Iraqi security officials have been quoted saying insurgents are resorting to using smaller bombs and planting them in vehicles.

Explosions went off around the city Tuesday, a chaotic day in which Agence France-Presse (AFP) reports that seven were killed in a bomb attack at a bus station in the Shiite neighborhood of Al Mashtal, while four more died from a roadside bomb.

Attacks had been abating, reports the Associated Press (AP).

U.S. officials say attacks in Baghdad average about four a day – down nearly 90 percent from levels of late 2006, when Shiite-Sunni fighting was at its high point and just before the U.S. troop surge that helped bring down violence in the capital.
Tuesday's blasts came a day after a series of bombings killed 10 people and wounded 40 more, underscoring the threat still posed by extremists.
Other attacks also took place in Mosul, where violence has spiked in recent months.

UPI reports that on Monday US military officials said they had arrested several high-profile militants, some with ties to Al Qaeda in Iraq (AQI), in three days of operations in central and northern Iraq.

Among those taken into custody Monday was a man who intelligence reports suggest oversaw the movement of bomb-making materials into Mosul, officials said.

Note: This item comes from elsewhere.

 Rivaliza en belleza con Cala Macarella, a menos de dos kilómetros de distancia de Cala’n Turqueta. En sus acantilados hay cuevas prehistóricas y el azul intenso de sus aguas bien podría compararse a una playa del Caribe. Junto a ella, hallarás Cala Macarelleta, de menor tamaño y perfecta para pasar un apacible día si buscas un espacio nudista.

Eleven other suspects also were detained, American Forces Press Service said.

The attacks in Baghdad may be a sign that anti-American cleric Moqtada al-Sadr does not have control over all of his followers, reports the Los Angeles Times.

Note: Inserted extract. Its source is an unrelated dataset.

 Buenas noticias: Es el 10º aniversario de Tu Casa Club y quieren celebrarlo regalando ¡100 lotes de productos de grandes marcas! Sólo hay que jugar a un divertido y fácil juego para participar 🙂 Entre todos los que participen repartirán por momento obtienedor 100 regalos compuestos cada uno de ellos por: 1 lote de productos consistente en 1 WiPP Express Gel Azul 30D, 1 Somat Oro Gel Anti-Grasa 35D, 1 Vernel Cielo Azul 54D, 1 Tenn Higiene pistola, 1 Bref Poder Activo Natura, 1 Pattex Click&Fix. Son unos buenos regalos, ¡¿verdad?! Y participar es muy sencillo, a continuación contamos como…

The attacks in eastern Baghdad, once a stronghold of Shiite cleric Muqtada Sadr, suggested that some splinter factions from his militia were conducting operations despite a freeze on most of his fighters.

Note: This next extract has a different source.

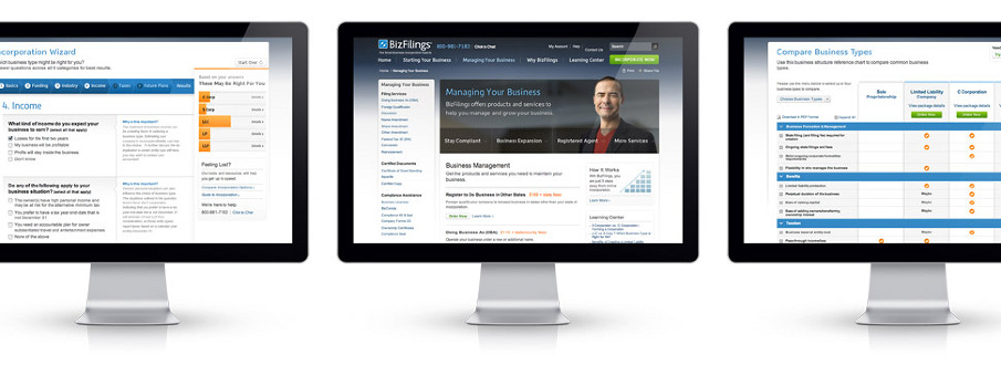 Additionally we introduced new ways for the customer to understand the different types of incorporation available to them, through online wizard and comparison tools. And increase sales for the client by streamlining the product selection and checkout process.

The New York Times reports that the bombings may be the result of sticky IEDs with mounted-on adhesive or magnets that can be stuck on to objects like cars and trucks.

One sticky IED victim was a fish seller in Al Mashtal, the paper quotes a police colonel as saying.

"I warned this fish seller only yesterday that his stand on the side of the street was not safe because anyone passing by could set an I.E.D. s blow him up, along with his customers," the police colonel said. "He didn't listen, and the poor guy lost his life in today's blast."

In October, the Washington Post reported that the US military "has investigated roughly 200 cases involving magnetic bombs." It reported that the bombs have been used to assassinate Iraqi officials.

One of Tuesday's attacks targeted a prominent Shiite politician, Ahmed al-Barak, a former member of the US-appointed Iraqi Governing Council, which helped administer the country until June 2004. He currently heads the country's property claims commission, according to a blog in the Los Angeles Times.

The attack may also have been the result of a sticky IED, and killed one civilian and injured eight others, including five of Mr. Barak's body guards, it reports.

Despite this week's violence, last month saw the lowest death toll for both US forces and Iraqis since the war began in March 2003, according to the AP. It reports that American troops recorded 13 fatalities and Iraqi authorities showed that at least 364 Iraqis were killed, including members of the country's security services.

U.S. deaths in Iraq fell in October to their lowest monthly level of the war, matching the record low of 13 fatalities suffered in July. Iraqi deaths fell to their lowest monthly levels of the year. Eight of the 13 Americans died in combat, most of them in northern Iraq where al-Qaida and other Sunni insurgent groups remain active. The U.S. military suffered 25 deaths in September and 23 in August.